> _Problem statement_:
Word for word, restate all the records; images are not part of the copy.

[Records contained in a dataset]
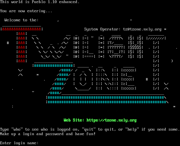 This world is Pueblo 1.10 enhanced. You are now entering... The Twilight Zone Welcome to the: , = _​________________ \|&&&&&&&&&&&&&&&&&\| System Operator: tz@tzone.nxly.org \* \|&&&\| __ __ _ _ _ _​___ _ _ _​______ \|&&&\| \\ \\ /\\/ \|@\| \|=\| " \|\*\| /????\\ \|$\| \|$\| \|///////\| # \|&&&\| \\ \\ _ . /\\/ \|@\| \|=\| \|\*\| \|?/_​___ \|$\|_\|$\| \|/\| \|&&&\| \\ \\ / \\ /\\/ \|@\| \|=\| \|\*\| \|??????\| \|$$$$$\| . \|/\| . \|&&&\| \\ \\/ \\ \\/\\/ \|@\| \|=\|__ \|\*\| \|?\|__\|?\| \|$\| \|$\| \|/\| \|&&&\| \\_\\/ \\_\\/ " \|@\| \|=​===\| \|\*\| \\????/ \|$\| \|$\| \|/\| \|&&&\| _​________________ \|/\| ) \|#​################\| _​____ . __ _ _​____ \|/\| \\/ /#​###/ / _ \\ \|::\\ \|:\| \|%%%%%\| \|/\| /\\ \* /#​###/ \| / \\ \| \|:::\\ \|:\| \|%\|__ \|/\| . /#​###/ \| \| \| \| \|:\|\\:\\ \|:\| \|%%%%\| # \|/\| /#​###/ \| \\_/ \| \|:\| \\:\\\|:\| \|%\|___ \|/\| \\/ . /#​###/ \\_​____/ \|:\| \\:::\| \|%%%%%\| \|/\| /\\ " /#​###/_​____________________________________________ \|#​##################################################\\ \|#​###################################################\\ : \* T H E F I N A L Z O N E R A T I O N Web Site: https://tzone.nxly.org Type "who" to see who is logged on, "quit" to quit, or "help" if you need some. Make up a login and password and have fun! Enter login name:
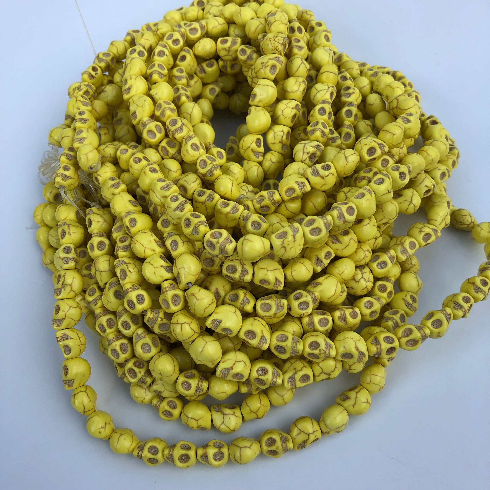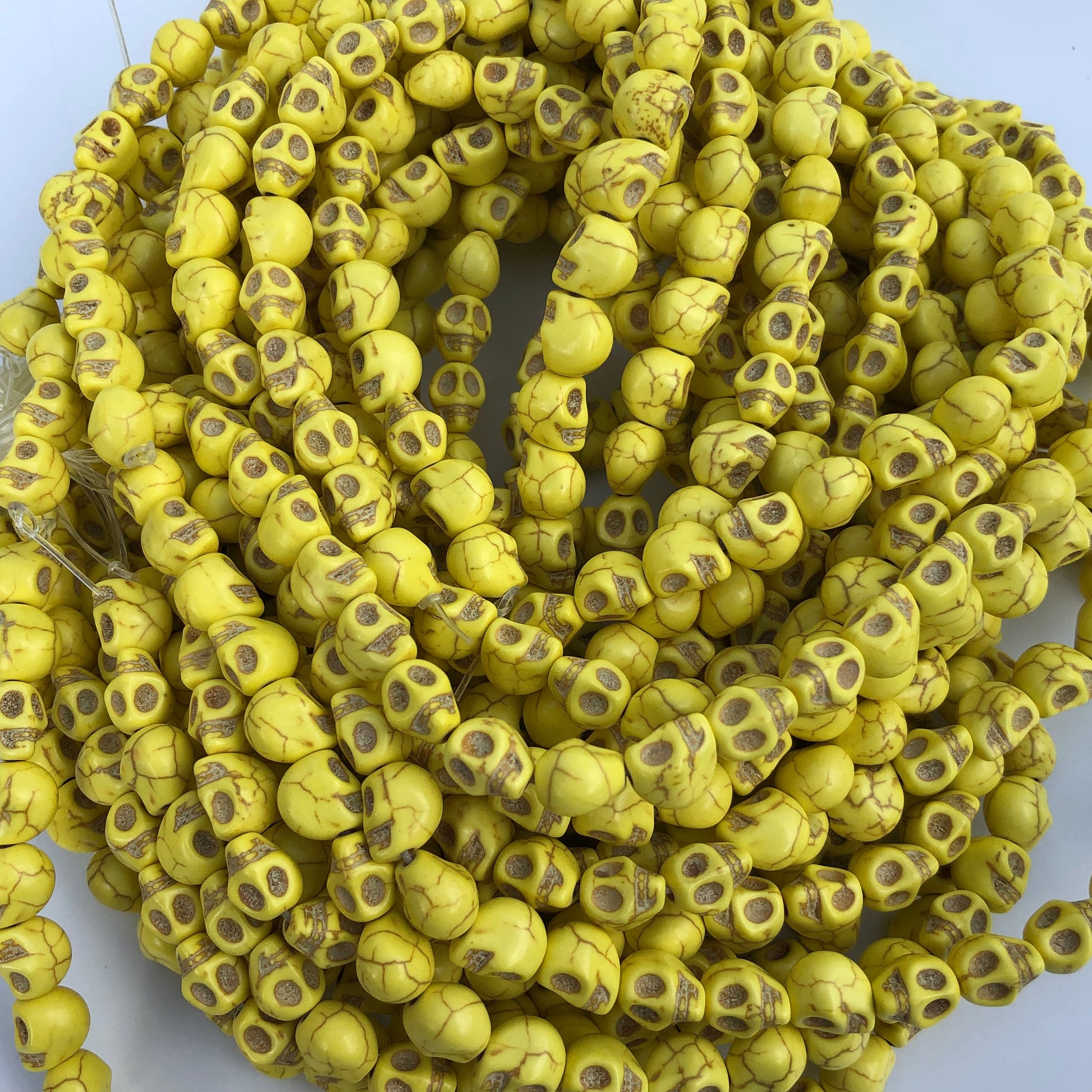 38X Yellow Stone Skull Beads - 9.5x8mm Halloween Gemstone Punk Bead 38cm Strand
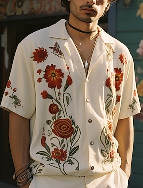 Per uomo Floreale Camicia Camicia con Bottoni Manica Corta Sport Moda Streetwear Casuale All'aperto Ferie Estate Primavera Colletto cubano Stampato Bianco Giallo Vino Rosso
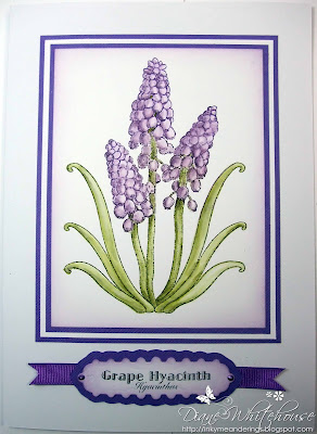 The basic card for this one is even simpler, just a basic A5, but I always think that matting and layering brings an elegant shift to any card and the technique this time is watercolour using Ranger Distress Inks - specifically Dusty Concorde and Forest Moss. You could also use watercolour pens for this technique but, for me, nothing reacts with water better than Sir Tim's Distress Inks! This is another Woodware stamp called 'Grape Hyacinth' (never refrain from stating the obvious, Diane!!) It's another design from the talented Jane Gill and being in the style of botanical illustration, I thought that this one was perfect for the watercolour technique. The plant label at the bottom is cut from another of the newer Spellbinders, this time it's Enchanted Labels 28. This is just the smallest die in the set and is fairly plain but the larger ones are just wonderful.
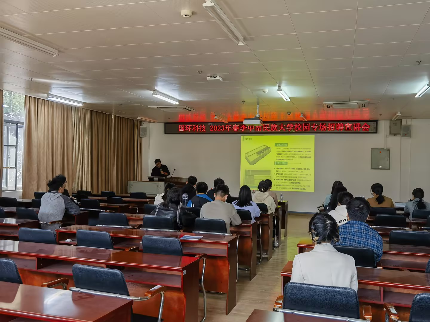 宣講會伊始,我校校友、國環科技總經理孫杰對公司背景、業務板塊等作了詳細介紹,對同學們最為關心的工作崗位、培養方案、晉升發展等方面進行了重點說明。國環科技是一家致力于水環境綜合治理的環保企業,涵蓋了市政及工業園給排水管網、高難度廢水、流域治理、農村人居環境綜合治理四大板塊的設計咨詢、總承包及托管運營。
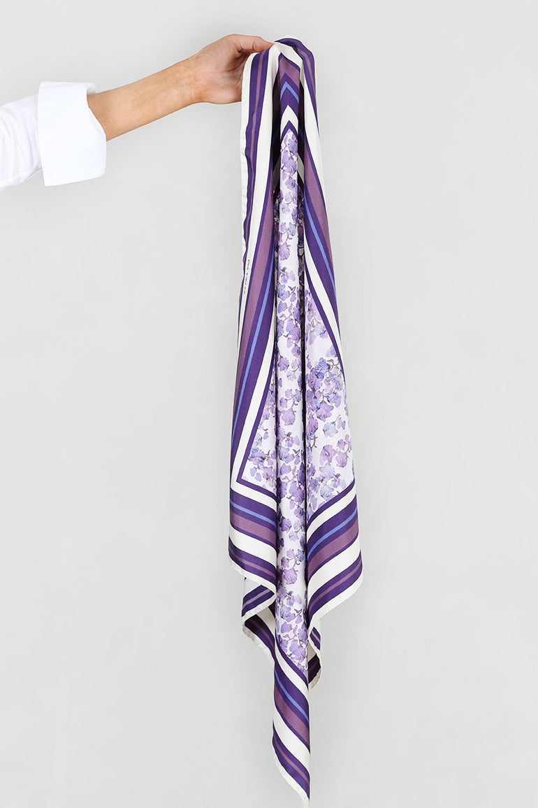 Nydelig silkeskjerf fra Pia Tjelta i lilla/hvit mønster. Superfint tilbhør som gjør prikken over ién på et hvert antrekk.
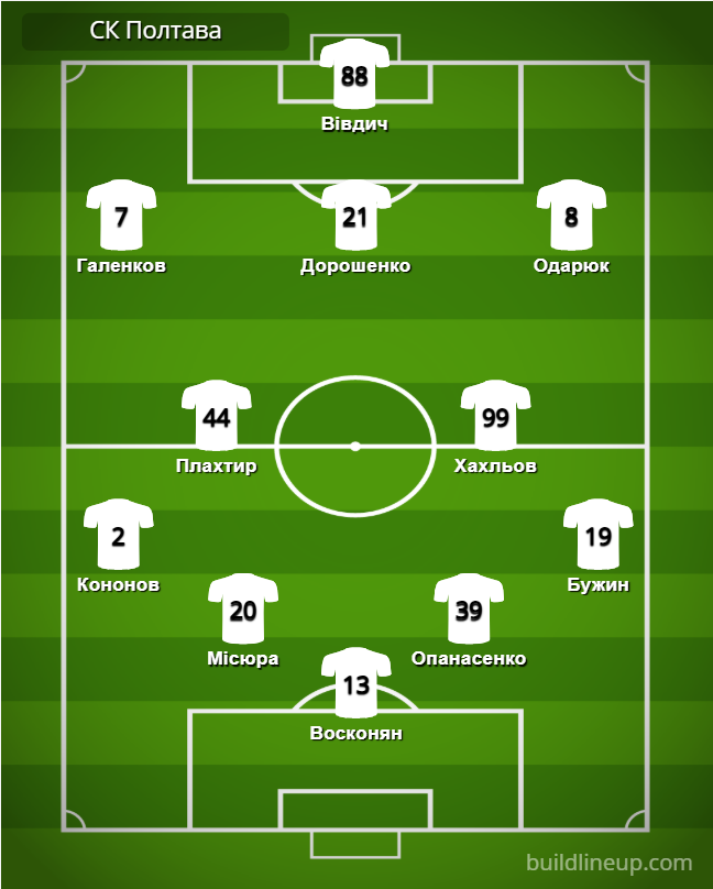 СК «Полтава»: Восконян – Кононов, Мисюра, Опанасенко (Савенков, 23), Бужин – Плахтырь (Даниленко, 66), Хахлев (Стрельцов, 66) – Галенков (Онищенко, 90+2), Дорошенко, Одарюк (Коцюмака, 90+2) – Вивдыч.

> _Task output_:
 This world is Pueblo 1.10 enhanced. You are now entering... The Twilight Zone Welcome to the: , = _​________________ \|&&&&&&&&&&&&&&&&&\| System Operator: tz@tzone.nxly.org \* \|&&&\| __ __ _ _ _ _​___ _ _ _​______ \|&&&\| \\ \\ /\\/ \|@\| \|=\| " \|\*\| /????\\ \|$\| \|$\| \|///////\| # \|&&&\| \\ \\ _ . /\\/ \|@\| \|=\| \|\*\| \|?/_​___ \|$\|_\|$\| \|/\| \|&&&\| \\ \\ / \\ /\\/ \|@\| \|=\| \|\*\| \|??????\| \|$$$$$\| . \|/\| . \|&&&\| \\ \\/ \\ \\/\\/ \|@\| \|=\|__ \|\*\| \|?\|__\|?\| \|$\| \|$\| \|/\| \|&&&\| \\_\\/ \\_\\/ " \|@\| \|=​===\| \|\*\| \\????/ \|$\| \|$\| \|/\| \|&&&\| _​________________ \|/\| ) \|#​################\| _​____ . __ _ _​____ \|/\| \\/ /#​###/ / _ \\ \|::\\ \|:\| \|%%%%%\| \|/\| /\\ \* /#​###/ \| / \\ \| \|:::\\ \|:\| \|%\|__ \|/\| . /#​###/ \| \| \| \| \|:\|\\:\\ \|:\| \|%%%%\| # \|/\| /#​###/ \| \\_/ \| \|:\| \\:\\\|:\| \|%\|___ \|/\| \\/ . /#​###/ \\_​____/ \|:\| \\:::\| \|%%%%%\| \|/\| /\\ " /#​###/_​____________________________________________ \|#​##################################################\\ \|#​###################################################\\ : \* T H E F I N A L Z O N E R A T I O N Web Site: https://tzone.nxly.org Type "who" to see who is logged on, "quit" to quit, or "help" if you need some. Make up a login and password and have fun! Enter login name:
 38X Yellow Stone Skull Beads - 9.5x8mm Halloween Gemstone Punk Bead 38cm Strand
 Per uomo Floreale Camicia Camicia con Bottoni Manica Corta Sport Moda Streetwear Casuale All'aperto Ferie Estate Primavera Colletto cubano Stampato Bianco Giallo Vino Rosso
 The basic card for this one is even simpler, just a basic A5, but I always think that matting and layering brings an elegant shift to any card and the technique this time is watercolour using Ranger Distress Inks - specifically Dusty Concorde and Forest Moss. You could also use watercolour pens for this technique but, for me, nothing reacts with water better than Sir Tim's Distress Inks! This is another Woodware stamp called 'Grape Hyacinth' (never refrain from stating the obvious, Diane!!) It's another design from the talented Jane Gill and being in the style of botanical illustration, I thought that this one was perfect for the watercolour technique. The plant label at the bottom is cut from another of the newer Spellbinders, this time it's Enchanted Labels 28. This is just the smallest die in the set and is fairly plain but the larger ones are just wonderful.
 宣講會伊始,我校校友、國環科技總經理孫杰對公司背景、業務板塊等作了詳細介紹,對同學們最為關心的工作崗位、培養方案、晉升發展等方面進行了重點說明。國環科技是一家致力于水環境綜合治理的環保企業,涵蓋了市政及工業園給排水管網、高難度廢水、流域治理、農村人居環境綜合治理四大板塊的設計咨詢、總承包及托管運營。
 Nydelig silkeskjerf fra Pia Tjelta i lilla/hvit mønster. Superfint tilbhør som gjør prikken over ién på et hvert antrekk.
 СК «Полтава»: Восконян – Кононов, Мисюра, Опанасенко (Савенков, 23), Бужин – Плахтырь (Даниленко, 66), Хахлев (Стрельцов, 66) – Галенков (Онищенко, 90+2), Дорошенко, Одарюк (Коцюмака, 90+2) – Вивдыч.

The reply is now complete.